In the following, we will show the comparative result for three different periods T and different phase time interval tphase.

In the above-mentioned tables, Ps is the simulation period series, NIV is the total number of vehicles at the initial state, Random Queues the number of vehicle queues that are randomly created, TIQ is the time interval from the initial state to the final state for a Q learning method, TWQ is the total waiting time for the Q learning method, TIT is the time interval from the initial state to the final state for the traditional method, \( T_{IT} = 6 \times t_{phase} \),

TWT is the total waiting time for the traditional method,

$$ P_{EI} = \frac{{T_{IT} - T_{IQ} }}{{T_{IT} }} \times 100\;\% $$
(9)

Equation (9) determines the percent improvement in the traffic efficiency,

$$ P_{WD} = \frac{{T_{WT} - T_{WQ} }}{{T_{WT} }} \times 100\;\% $$
(10)

Equation (10) shows the percent decrease in total waiting time.

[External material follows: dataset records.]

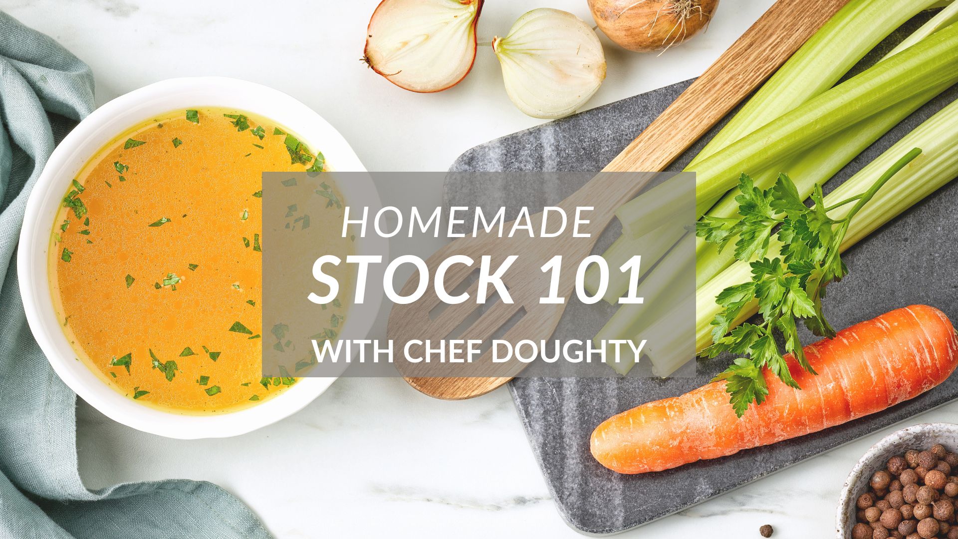 A note from Chef Joyce Doughty…I studied French cooking techniques at Le Cordon Bleu and I appreciate the rigorous instruction I received in classical cooking.  But practically speaking, there are times when one must put on a simpler hat which will still yield wonderful outcomes. That is true when speaking of stocks. There are cookbooks devoted to the complexities of making a delicious stock. But for our purposes we are going straight to the practical.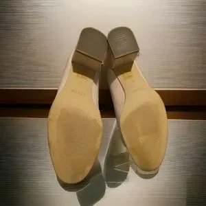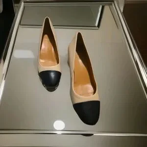 J.Crew women's leather block heel mid 2- 2.9 inches, heel pumps in a beige and black colorblock spectator style.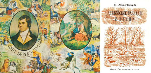 В качестве иллюстрации - обложки переводов Маршаком Р.Бернса, чья стилистика, как мне кажется, способствовала рождению ритма. (худ. В.Добер и Лебедев)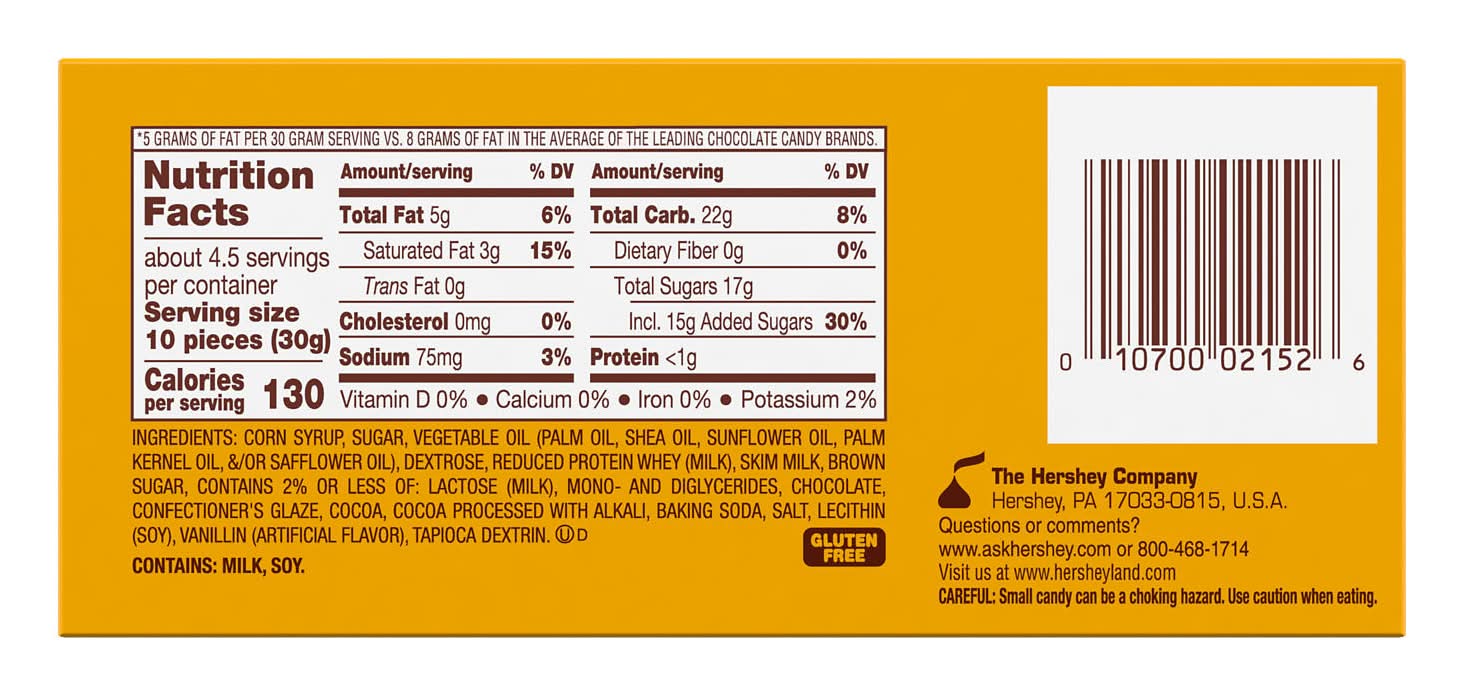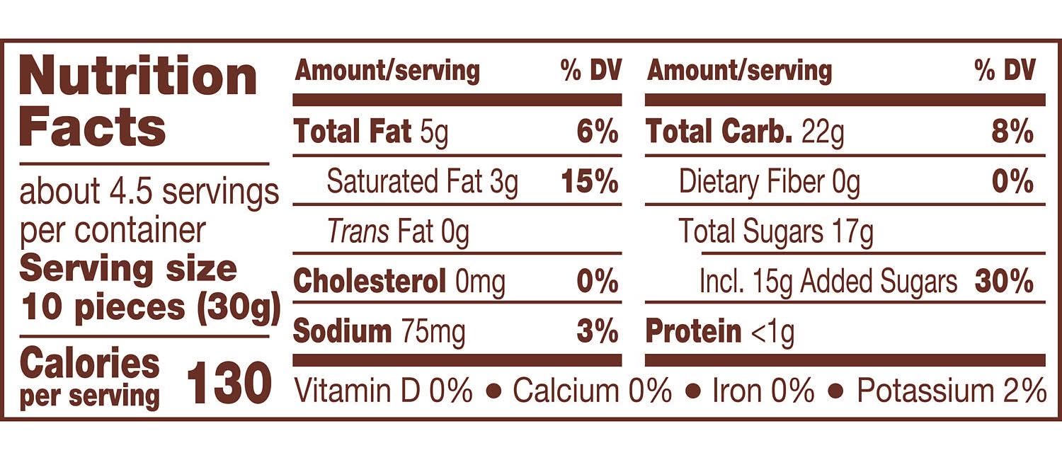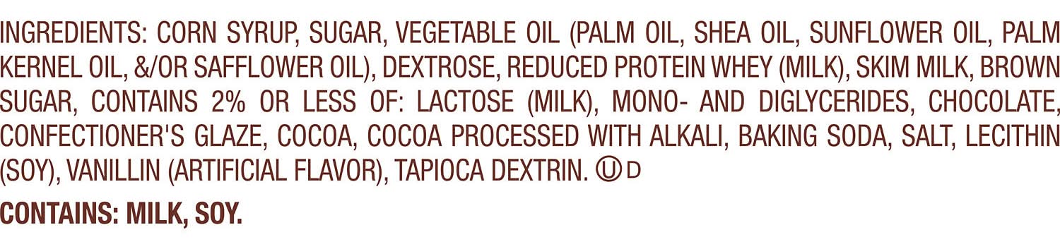 Ingredients: Corn Syrup, Sugar, Vegetable Oil (Palm Oil, Shea Oil, Sunflower Oil, Palm Kernel Oil, &/or Safflower Oil), Dextrose, Reduced Protein Whey (Milk), Skim Milk, Brown Sugar, Contains 2% or less of: Lactose (Milk), Mono- and Diglycerides, Chocolate, Confectioner's Glaze, Cocoa, Cocoa Processed with Alkali, Baking Soda, Salt, Lecithin (Soy), Vanillin (Artificial Flavor), Tapioca Dextrin Contains: Milk, Soybeans, Tree Nuts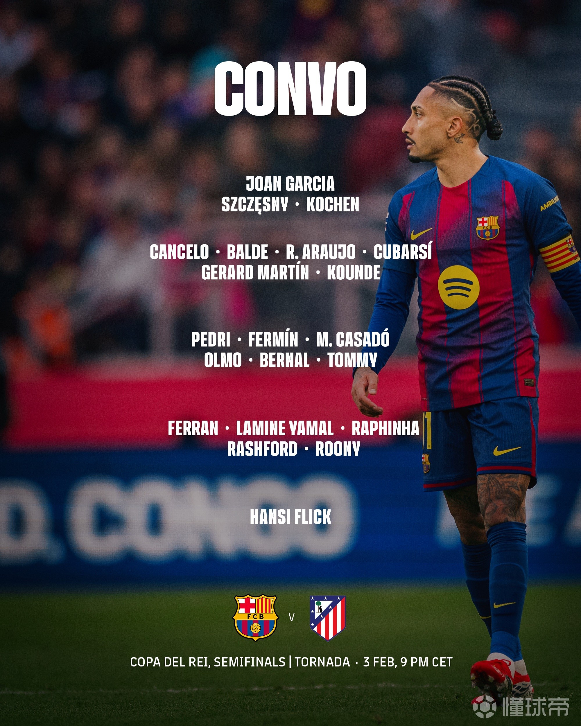 北京时间明天凌晨4点,巴萨将迎来国王杯半决赛次回合主场对阵马竞的比赛,赛前,巴萨官方公布了球队的名单,其中莱万伤缺,埃里克-加西亚停赛。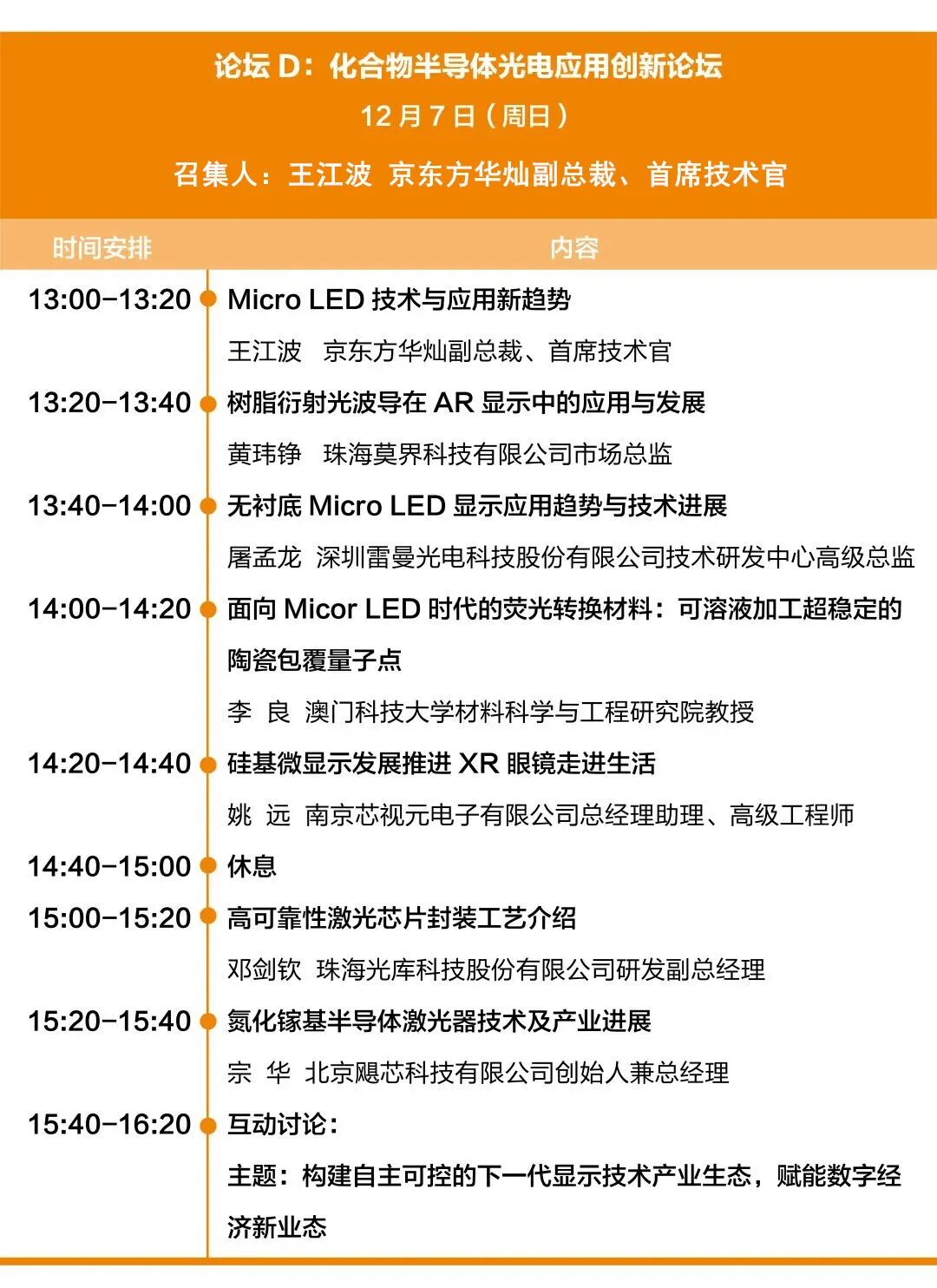 聚焦于化合物半导体在光电领域的革命性应用,核心议题包括Micro-LED的巨量转移与检测技术、产业化进程与成本挑战,激光器、消费电子、工业加工等领域的最新进展,旨在连接材料、芯片与终端应用,共同挖掘光电半导体的巨大市场潜力。

OA is the optimum phase sequence from Q learning, TL is the running time of the Q learning program on the above mentioned computer.

Analysis of the Results

From Table 4, we find that all the running times of the Q learning program TL in every period are less than one second. This is short enough for the application of the intersection signal control system.

Table 4 Simulation result when t phase  = 60 s

At the same time, the percent traffic efficiency improvement PEI, is located in [4.17 % 47.5 %], the percent total waiting time decrease PWD is located in [1.07 % 56.95 %]. The average percents of PEI are 32.2 % and the average percents of PWD are 37.5 %.

Conclusion

A new traffic control based mechanism based on a combination of machine learning and multiagent modeling methods is proposed for future intelligent transportation systems. The control systems, the vehicles, and some necessary roadside sensors are all modeled as intelligent agents in the proposed systems, therefore the ITS system will be a multiagent system. It is possible to improve the traffic control efficiency by some artificial intelligence algorithm.

The control method for an isolated intersection was studied specifically. The intersection signal was first modeled according to the proposed mechanism then a new algorithm based on reinforcement learning, especially Q-learning, was proposed and studied in detail. A simulation for such an intersection system was finally carried out and a comparative study with the traditional intersectional signal method was done.

Simulation results showed that the proposed intersection control mechanism can improve traffic efficiency by more than 30 % over the traditional method and simultaneously bring the drivers some benefit by decreasing the waiting time by more than 30 %. This proves that the proposed traffic control mechanism is applicable in the near future.